PROBLEM TO SOLVE = For each record below, retype the text exactly and omit any image.

SUPPLIED DATA =

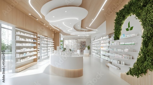 Sleek and Modern Pharmacy Interior with Organized Medication Displays and Ambient Lighting
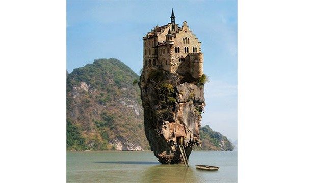 Эта фотография одна из тех, интерес к которым, то возрастает, то угасает время от времени. Вообще-то это фотография немецкого замка, совмещённая с фотографией скалистого острова в Таиланде.
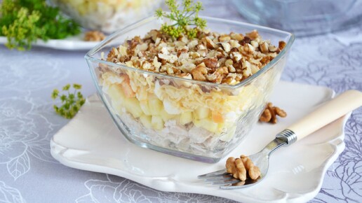 Ищете салат, который украсит праздничный стол и удивит гостей? Этот классический рецепт с нежным сочетанием курицы, ананасов и сыра давно стал хитом. Готовится за 15 минут, а исчезает со стола мгновенно! Какие ингредиенты понадобятся Продукты для 4 порций: Пошаговый план действий Секрет идеального вкуса Для пикантности добавьте горсть мелко порубленных обжаренных грецких орехов. Они дадут приятный хруст и насыщенный аромат, который идеально дополнит сладость ананасов. Для слоеного варианта выкладывайте ингредиенты в таком порядке: курица → майонез → ананасы → сыр → майонез с чесноком...
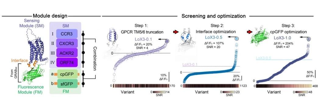 研究者基于GRAB探针的模块化原理11,构建了识别配体的感知模块和荧光报告模块,并从多种天然和病毒来源的CXCL10受体中筛选出CXCR3与构象敏感荧光蛋白cpGFP的组合,作为初始骨架。通过在跨膜区、界面以及荧光蛋白内部关键位点的迭代筛选,获得了对CXCR3激动剂产生约200%响应幅度的探针LoX3-1.0。
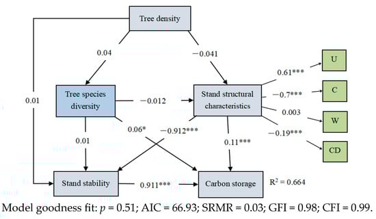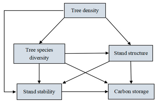 - Is there a direct or indirect relationship between tree density, tree species diversity, stand structural characteristics, stand stability, and carbon storage?

ANSWER SECTION =
 Sleek and Modern Pharmacy Interior with Organized Medication Displays and Ambient Lighting
 Эта фотография одна из тех, интерес к которым, то возрастает, то угасает время от времени. Вообще-то это фотография немецкого замка, совмещённая с фотографией скалистого острова в Таиланде.
 Ищете салат, который украсит праздничный стол и удивит гостей? Этот классический рецепт с нежным сочетанием курицы, ананасов и сыра давно стал хитом. Готовится за 15 минут, а исчезает со стола мгновенно! Какие ингредиенты понадобятся Продукты для 4 порций: Пошаговый план действий Секрет идеального вкуса Для пикантности добавьте горсть мелко порубленных обжаренных грецких орехов. Они дадут приятный хруст и насыщенный аромат, который идеально дополнит сладость ананасов. Для слоеного варианта выкладывайте ингредиенты в таком порядке: курица → майонез → ананасы → сыр → майонез с чесноком...
 研究者基于GRAB探针的模块化原理11,构建了识别配体的感知模块和荧光报告模块,并从多种天然和病毒来源的CXCL10受体中筛选出CXCR3与构象敏感荧光蛋白cpGFP的组合,作为初始骨架。通过在跨膜区、界面以及荧光蛋白内部关键位点的迭代筛选,获得了对CXCR3激动剂产生约200%响应幅度的探针LoX3-1.0。
 - Is there a direct or indirect relationship between tree density, tree species diversity, stand structural characteristics, stand stability, and carbon storage?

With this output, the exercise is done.